Here objects near in space are placed in near primary or
secondary storage. Often used in N-body tree codes,
also in adaptive mesh refinement strategies for solving systems
of PDEs, e.g., for geophysical fluid dynamics.
Dragon curve.
Program
Dragon.java reads in a command line parameter
N and plots the order N dragon curve using turtle graphics.
The dragon curve was first discovered by three NASA physicists (John E. Heighway, Bruce A.
Banks, and William G. Harter) and later popularized by Martin Gardner in Scientific
American (March and April 1967) and Michael Crichton in Jurassic Park.
This is a sophisticated program that uses two mutually recursive functions.
Explain how it works here.
Program SequentialDragon.java is an
iterative version of the dragon curve. It is a hacker's paradise.
Explain how it works here.
A spectacularly inefficient program.
Program SlowFibonacci.java takes a command
line parameter N and prints out the first N Fibonacci numbers. It is
spectacularly inefficient.
To see why, consider what the function does to
compute F(8) = 21. It first computes F(7) = 13 and F(6) = 8.
To compute F(7), it recursively computes F(6) and F(5) = 5.
It's important to observe that
F(6) is computed twice - the result is not stored so it must be recomputed
from scratch. This does not see so bad, but things rapidly get worse.
F(5) is computed three times; F(4) is computed five times; and F(3)
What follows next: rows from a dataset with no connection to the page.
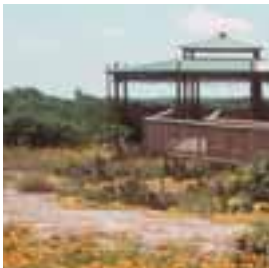
■ Balcones Canyonlands NWR, TX Number of Refuges 486
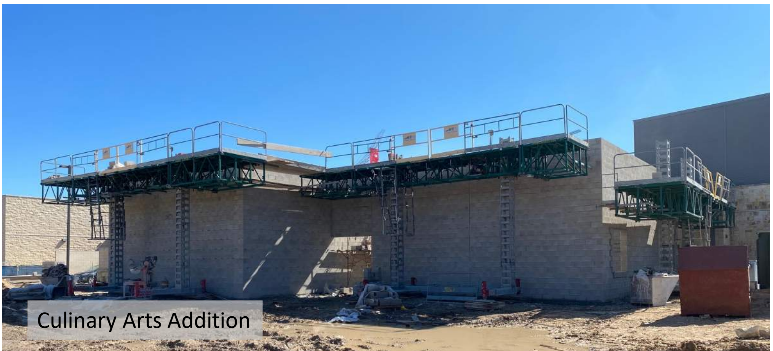
Culinary Arts Addition
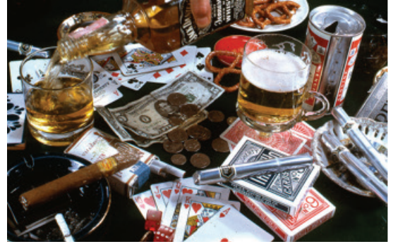
Audrey Flack Royal Flush Painting
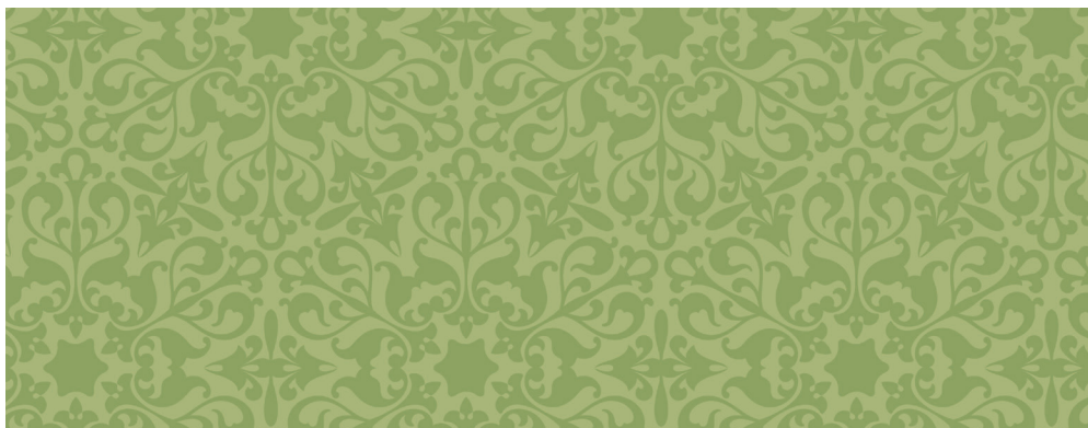
24851-74 | Tonal Medallion | Green
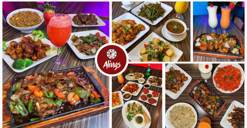
Alings signature Indian Chinese dishes and mocktails
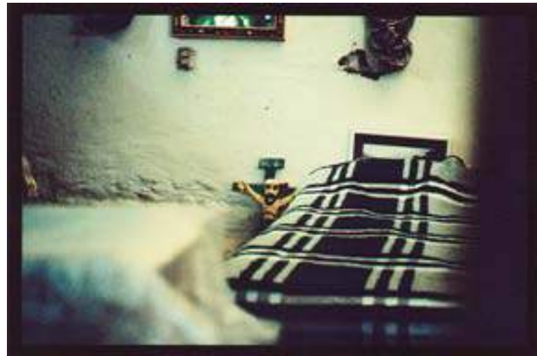
Cory Verellen, LandCameras.com

Your best vacation spots include water, your ruling element—such as a beautiful, remote beach where you can forget your troubles. Equally, you'll seek intense experiences like detoxing in Thailand, a long ski trip, or traveling through Europe by rail. Places that allow you to disappear into the crowd or explore the mysteries of a new culture or environment will appeal. You do well on retreats, especially at exclusive enclaves where you have plenty of privacy. Deep Scorpio always pursues intimate bonding (with yourself and others) and you don't want crowds or tightly-packed itineraries taking up your precious time. You prefer to be in total control of your agenda.
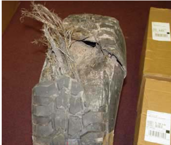
Photo. Right front tire after blow-out.
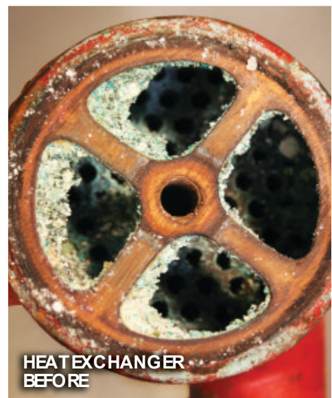
HEAT EXCHANGER BEFORE

Use RYDLYME Marine on recreational boats, such as cabin cruisers, power boats, yachts, mega-yachts, jet skies and more!
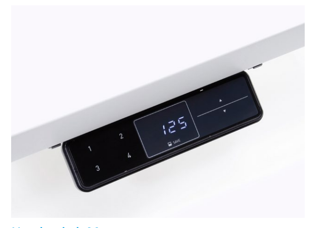
Hand switch Memory TOUCHfx
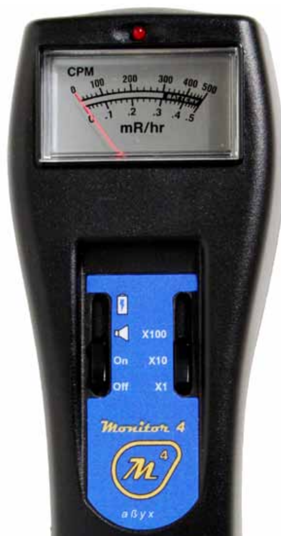
M4 with CPM & mR/hr meter scale

Analog Meter holds full scale in fields as high as 100X maximum reading. CPM & mR/hr scale. Optional SI Scale Meter Available
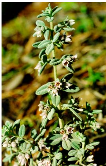
Zieria littoralis . H&A Wapstra.
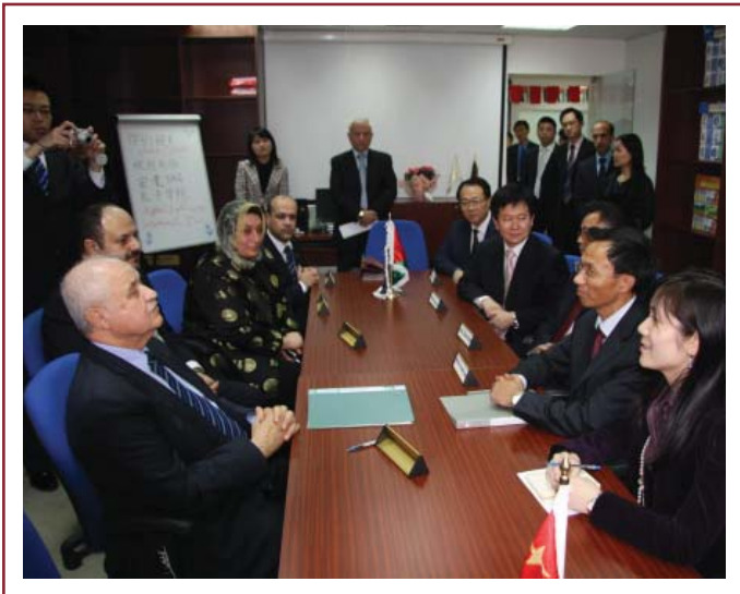
Abu-Ghazaleh and the Chinese ambassador in a meeting

guage courses for non-native speakers, while hosting researchers and language instructors from China for this purpose, in addition to offering lectures and workshops for businesspeople and governmental sector representatives, which aim to enhance cultural knowledge and exchange.

is computed eight times, and so forth.
The figure below shows the complete recursion tree when computing F(8).
In general F(n) is computed F(N-n) times. As an example, to compute F(200),
F(1) is computed F(199) > 1.73 * 1041 times! No imaginable
computer will ever be able to do this many calculations.
Recursion vs. iteration.
Are there situations when we need recursion? No, any recursive
function can be replaced by an iterative counterpart. In
Section XYZ, we'll explain how a compiler implements a function
call by using a data structure called a pushdown stacks.
Conversely, we can convert any iterative
program to one that uses recursion instead.
Lessons
-
Use a base case to avoid an infinite loop.
-
Methods can call other methods including themselves.
-
It's easy to write spectacularly inefficient recursive programs if you're
not careful.
-
Recursion is an alternate to for and while loops for
performing repetitive computations.
-
Recursive functions are especially useful when either
the underlying data structure (binary trees, Unix directories) or
the underlying algorithmic paradigm (divide-and-conquer)
are naturally self-referential.
Q + A
Q. What does the following error message mean?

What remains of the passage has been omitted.